Ein...... seiner Söhne sehr...... ihm aus Berlin,[...]
Ein...... seiner Söhne schr...... ihm aus Berlin,[...]

Nun liegt zwischen auf Nürnberg und Berlin eine D-Zug-Station [...]
Nun liegt zwischen auf Nürnberg und Berlin eine D-Zug-Station [...]


----------



## Lykurg

[...], sagte er  schließ...... z......., tr...... die nötig...... Reisevorbereitungen und fuhr los.

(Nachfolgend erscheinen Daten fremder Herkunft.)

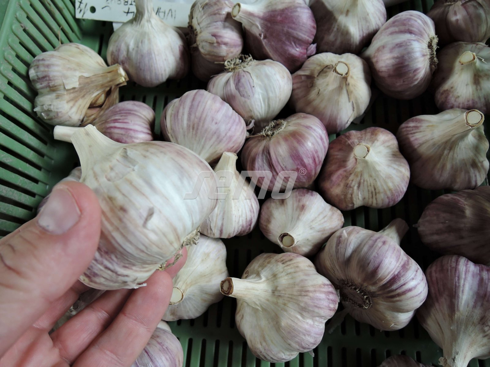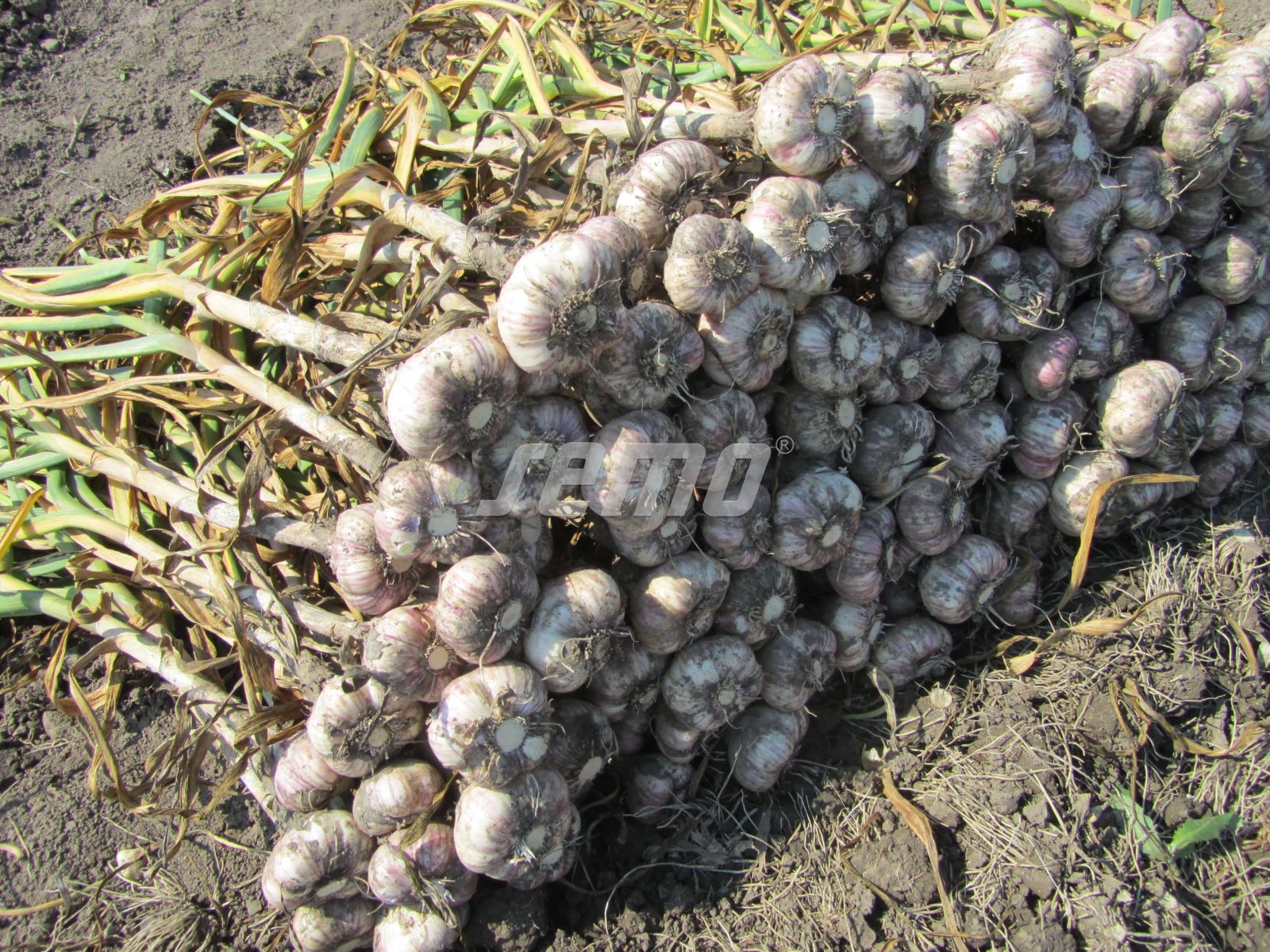 | IVAN | hard neck, for autumn sowing | mid-early | wide erect green | 80-120 | creamy head violet cloves | slightly flattened round | 6-7 | 6 | very healthy, large bulbs |

Und was soll bitte in die Lücke "Es ist der ......zug Berlin-Nürnberg." eingesetzt werden? 
Bummelzug, Eilzug, Schnellzug, D-Zug,  Regionalexpreßzug, Lokalbahnzug, Magnetschwebezug, Neigetechnikzug, Pendelzug, Güterzug, ... - soll man im Fahrplan nachsehen?


----------



## Kajjo

Cyanista: Danke für den Link. Diese Art von Prüfung ist ja grauenhaft! Wenn schobn Muttersprachler hadern, wie soll das dann ein Ausländer beherrschen? Da vergeht einem ja der Spaß!

Was soll z.B. "Ein...... seiner Söhne sehr...... ihm aus Berlin"?

Kajjo


----------



## herrkeinname

Lykurg said:


> [...], sagte er  schließ...... z......., tr...... die nötig...... Reisevorbereitungen und fuhr los.
> 
> Und was soll bitte in die Lücke "Es ist der ......zug Berlin-Nürnberg." eingesetzt werden?
> Bummelzug, Eilzug, Schnellzug, D-Zug, Regionalexpreßzug, Lokalbahnzug, Magnetschwebezug, Neigetechnikzug, Pendelzug, Güterzug, ... - soll man im Fahrplan nachsehen?

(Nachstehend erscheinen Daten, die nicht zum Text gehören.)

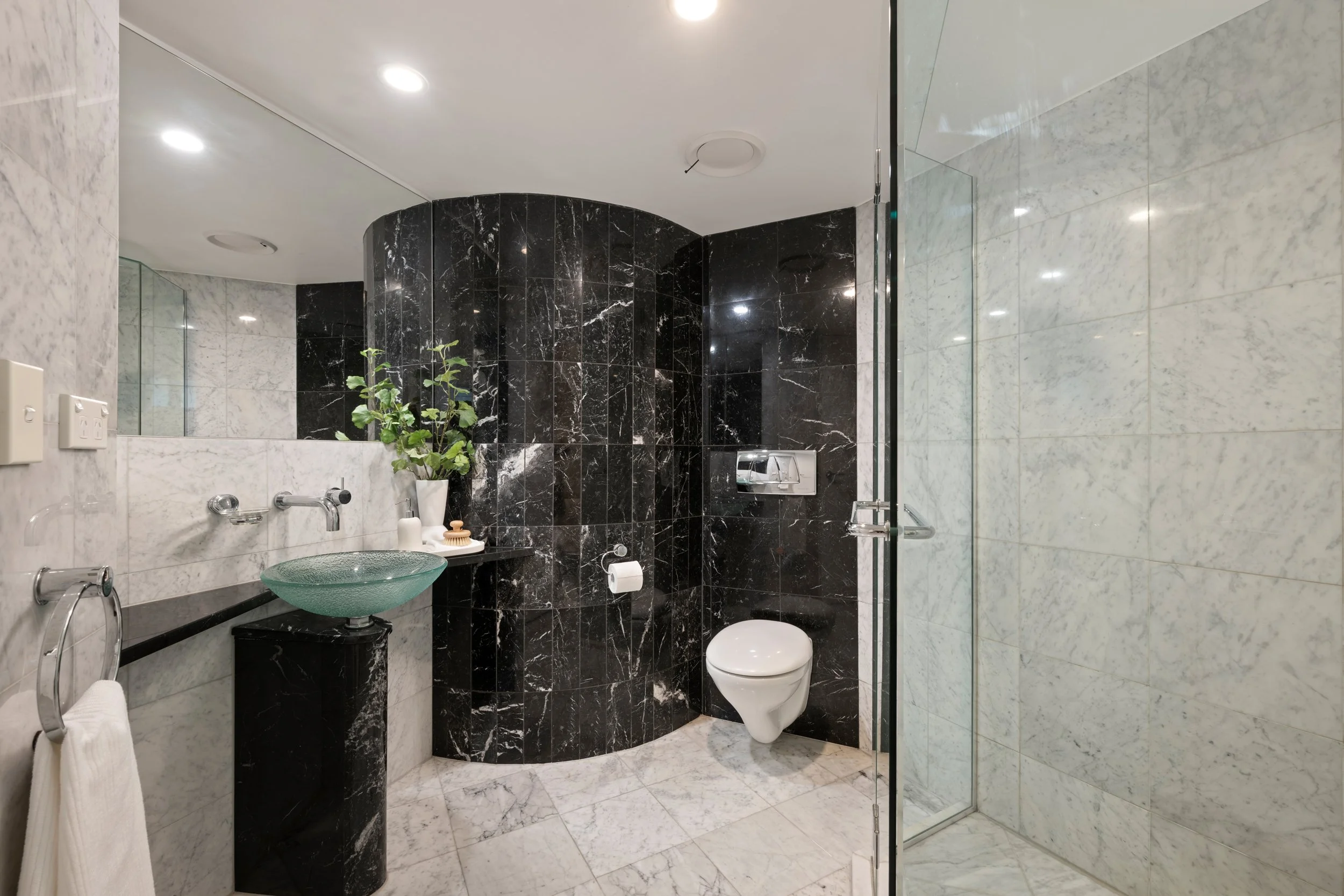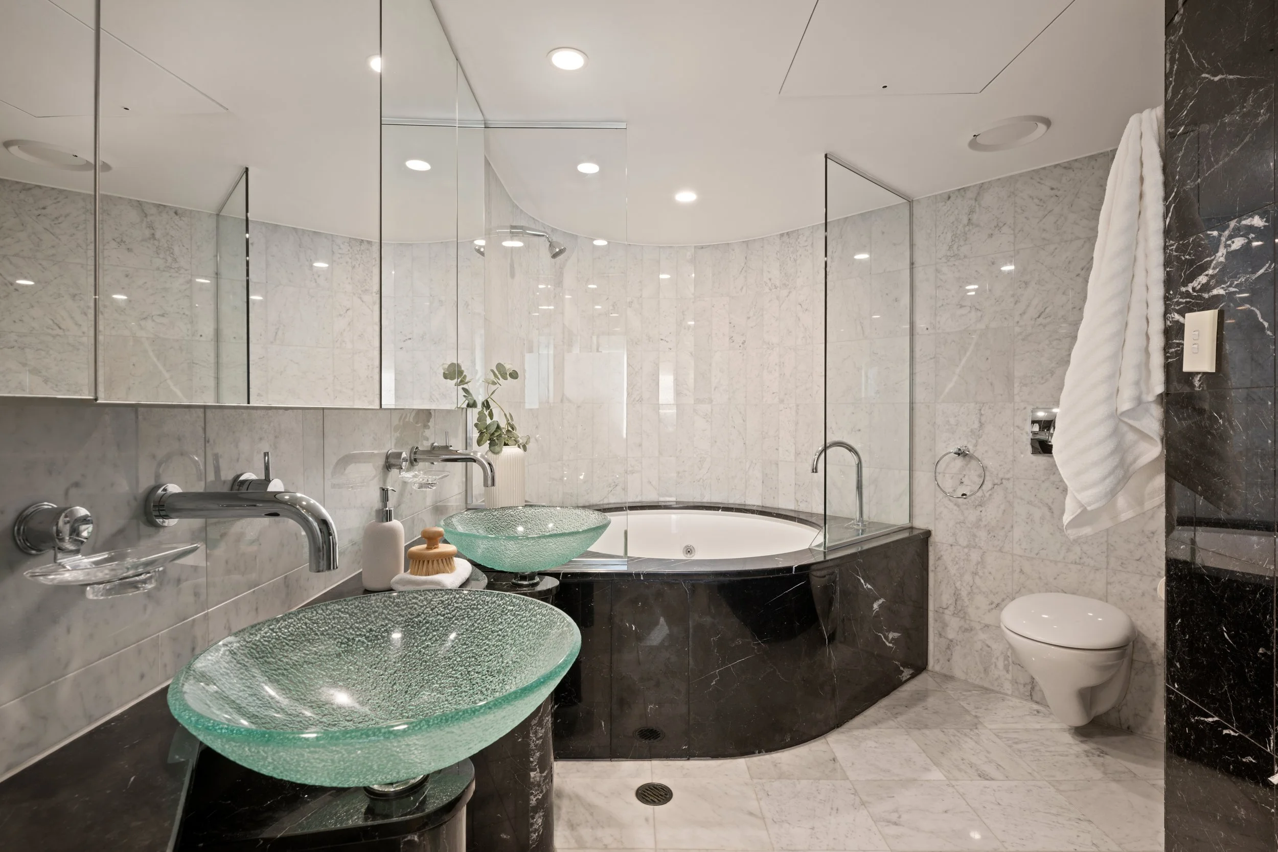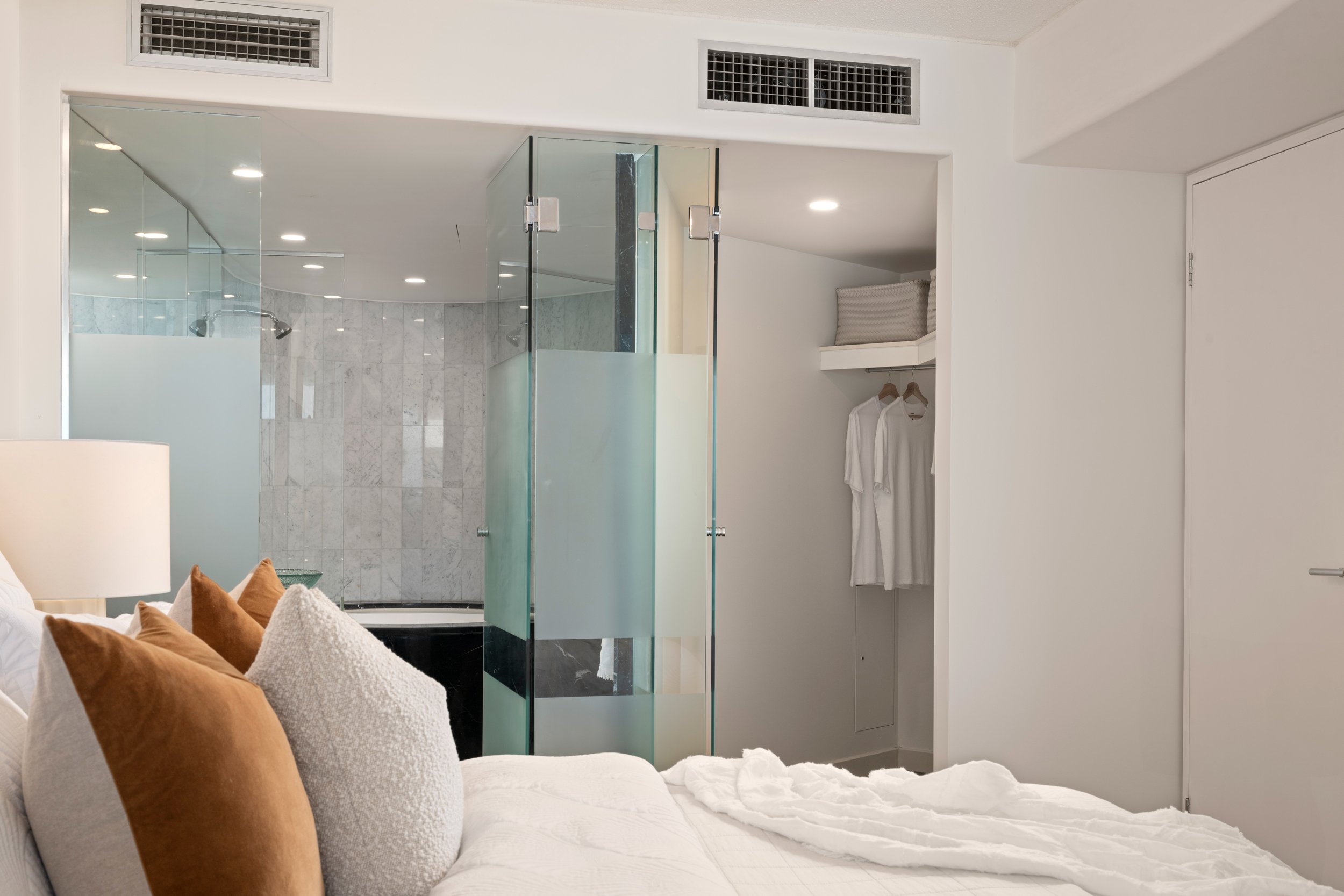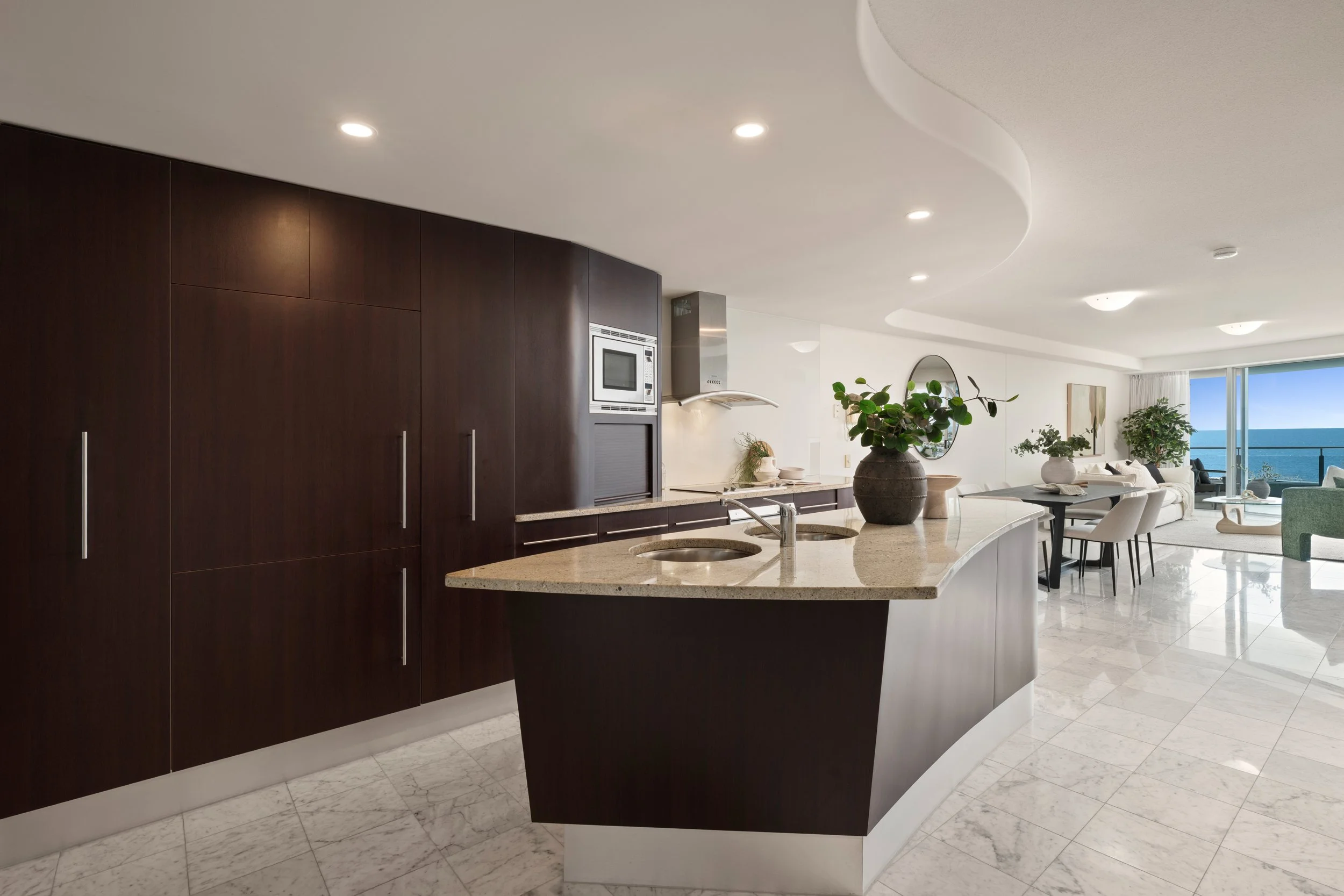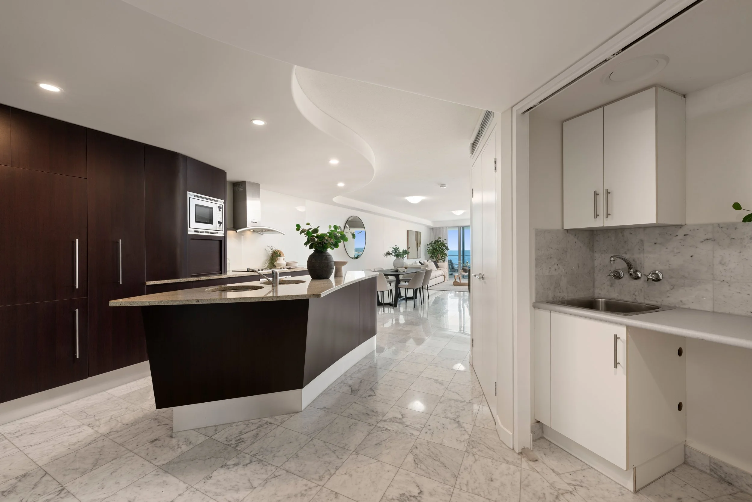 A European laundry adds practicality, while ducted air-conditioning ensures year-round comfort. Throughout the apartment, the marble detailing ties each space together, creating a sense of refinement that feels both coastal and classic.

Gegenzug, oder? Das muss man dem Inhalt des Textes entnehmen.


----------



## Henryk

"anzulegen" würde passen, auch wenn's hier nicht besonders große Schiffe sind.


----------



## herrkeinname

"anzulanden" wäre auch möglich. Aber "anzulangen" ist sowieso die bessere Wahl


----------



## FloVi

Kajjo said:


> Was soll z.B. "Ein...... seiner Söhne sehr...... ihm aus Berlin"?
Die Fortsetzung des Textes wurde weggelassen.